# Jerry Hale's Rotary Engine



## Bernd (Sep 10, 2008)

I'm a subscriber of Model Engine Builder magazine. The recent issue has a very interesting engine that Jerry Hale designed. It is based on a Wankel engine but has what looks like 4 cylinders inside a ring and one spark plug. Bascially all four cylinders revolve inside the ring. They have a video of the engine running. A very sweet sounding engine. Here is the link The Hale Rotary. A must see video.

Regards,
Bernd


----------



## BobWarfield (Sep 10, 2008)

Wow, it really does run well. It's quite an intriguing design. Hale apparently was an engine designer professionally and this was a retirement project.

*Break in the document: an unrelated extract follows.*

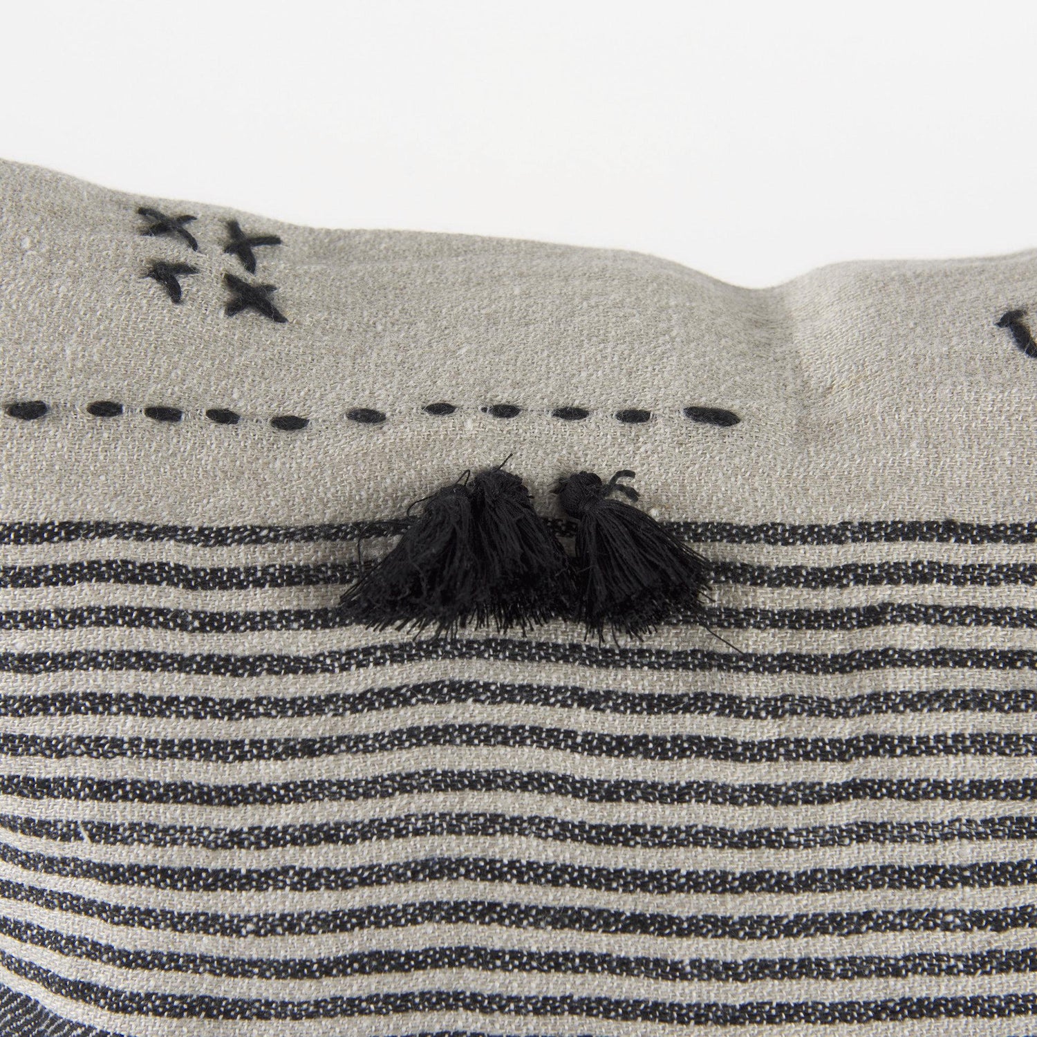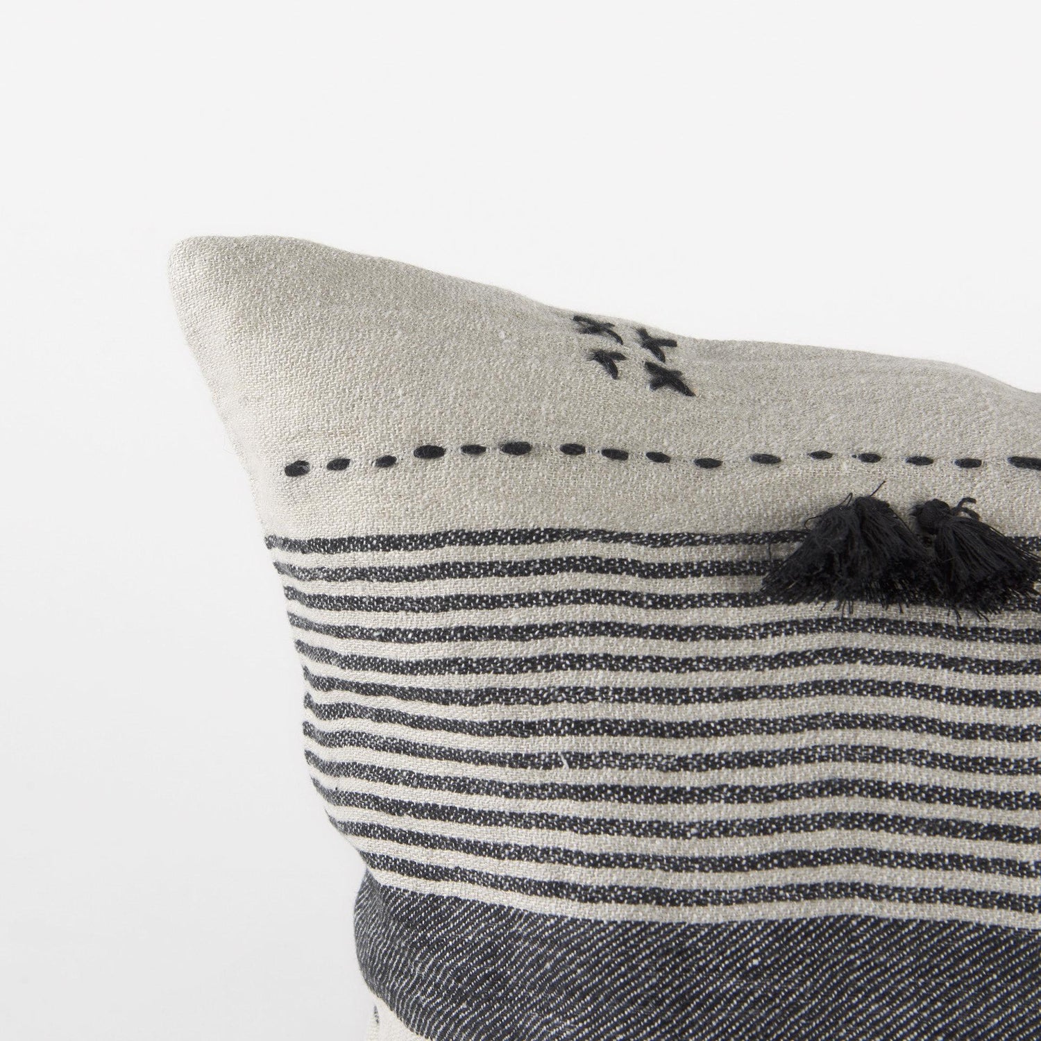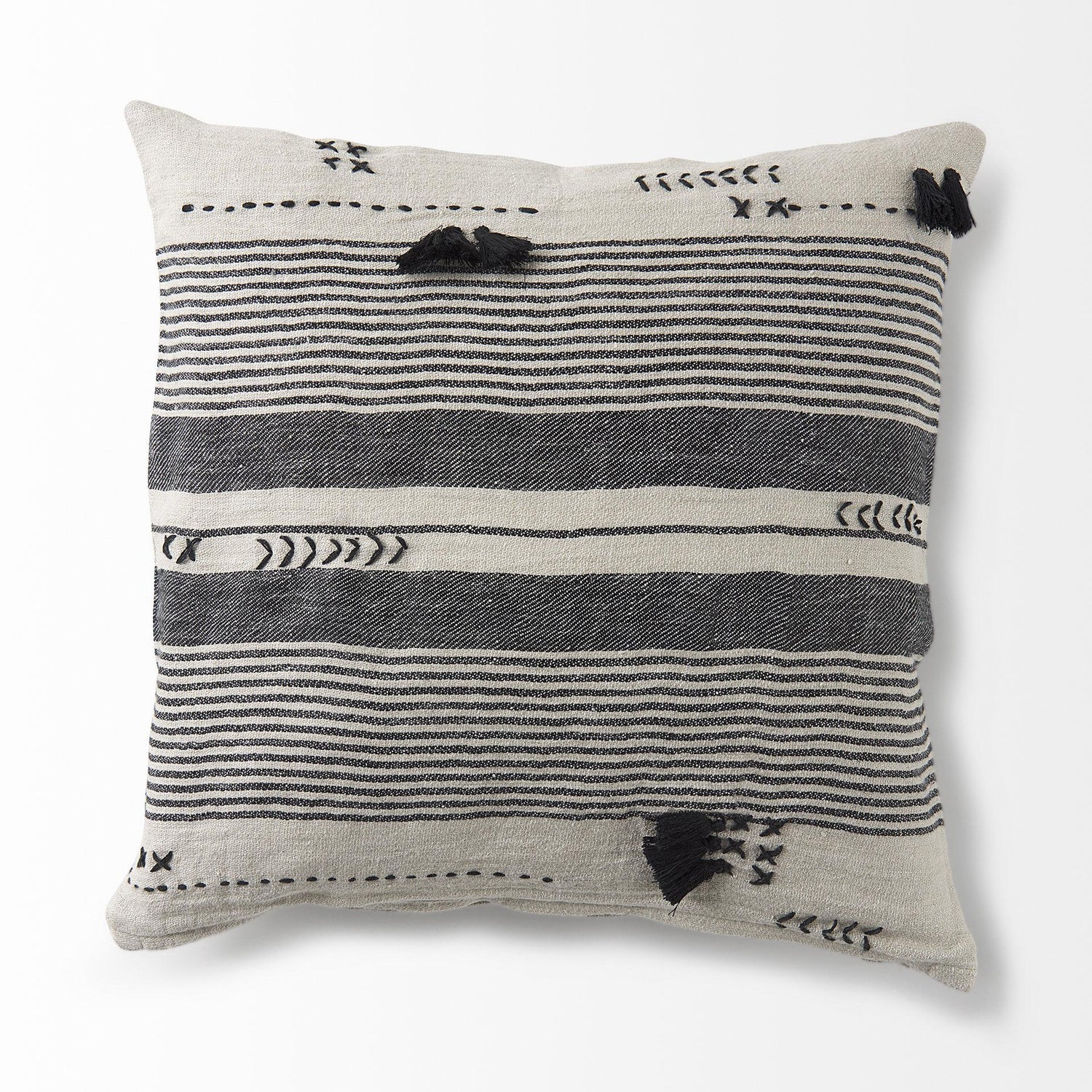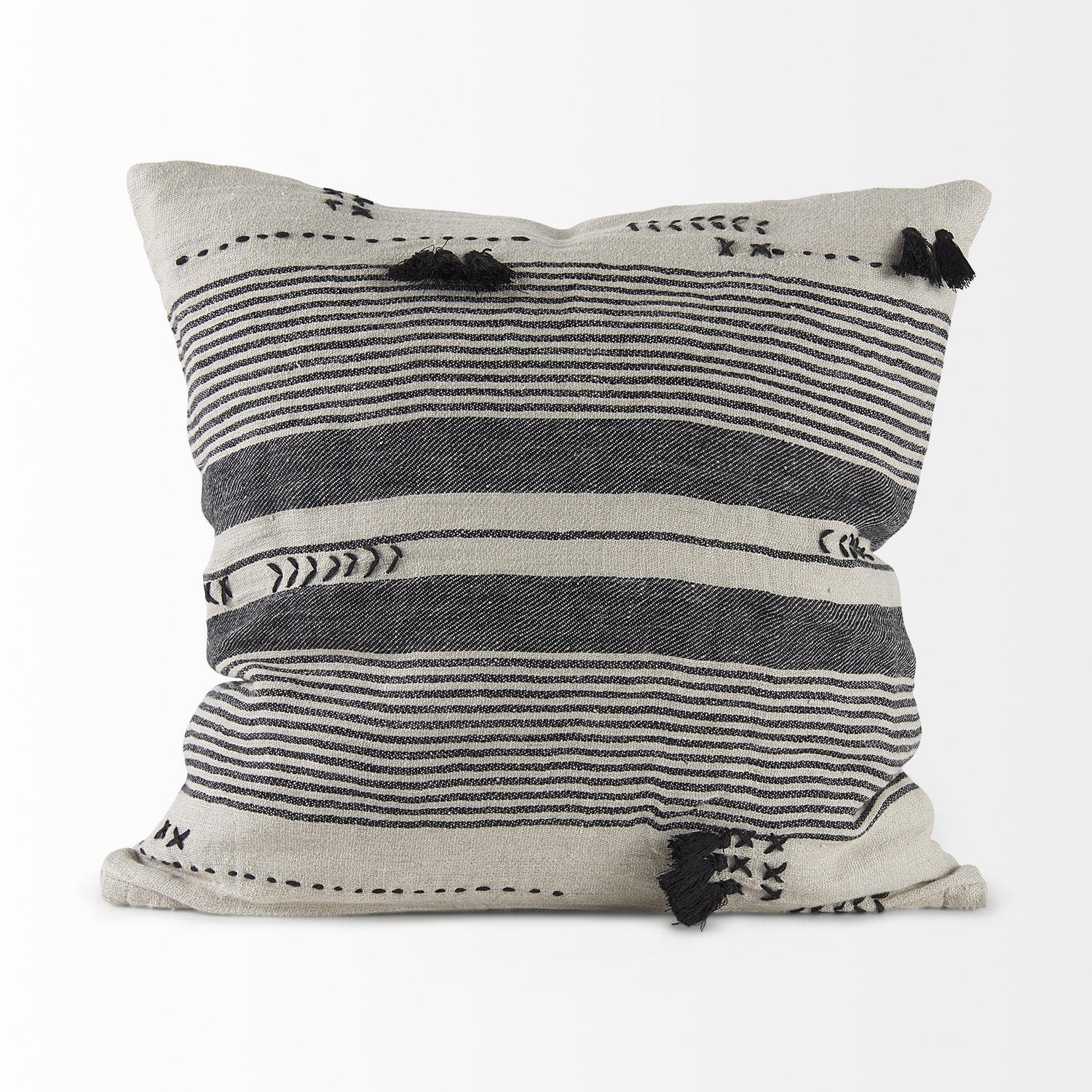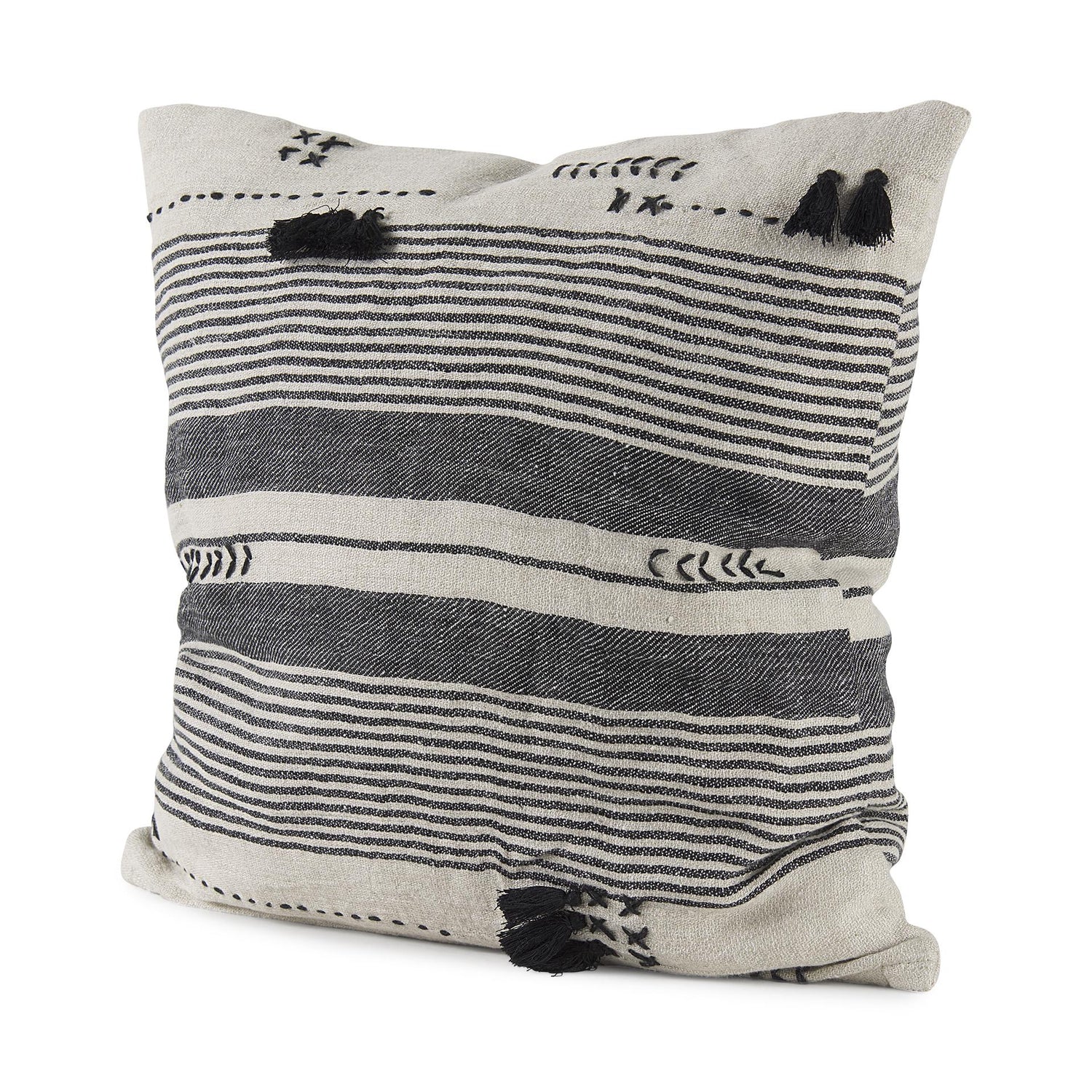 International For Mercana Thalia 18L X 18W Black And Beige Fabric Striped And Fringed Decorative Pillow Cover (Mercana)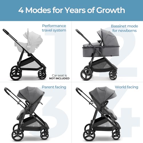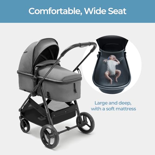 Mompush Wiz 2-in-1 Convertible Baby Stroller with Bassinet Mode - Foldable Infant Stroller to Explore More as a Family - Toddler Stroller with Reversible Stroller Seat

I'd hate to try to build it without CNC, but he did it all on manual machines.

Best,

BW


----------



## Bogstandard (Sep 11, 2008)

I remember when Jerry Hale first built it,

http://www.floridaame.org/GalleryPages/g1m0075.htm

It seems to have made a bit of a resurrection

It has a bit of a feature in Model Engine News.

http://modelenginenews.org/index.html

Go down the page a bit

John


----------



## Bernd (Sep 11, 2008)

I see it's been around for a while, since 2002.  

First I've seen of it was in MEB. Still, impressive to hear it run.

Bernd


----------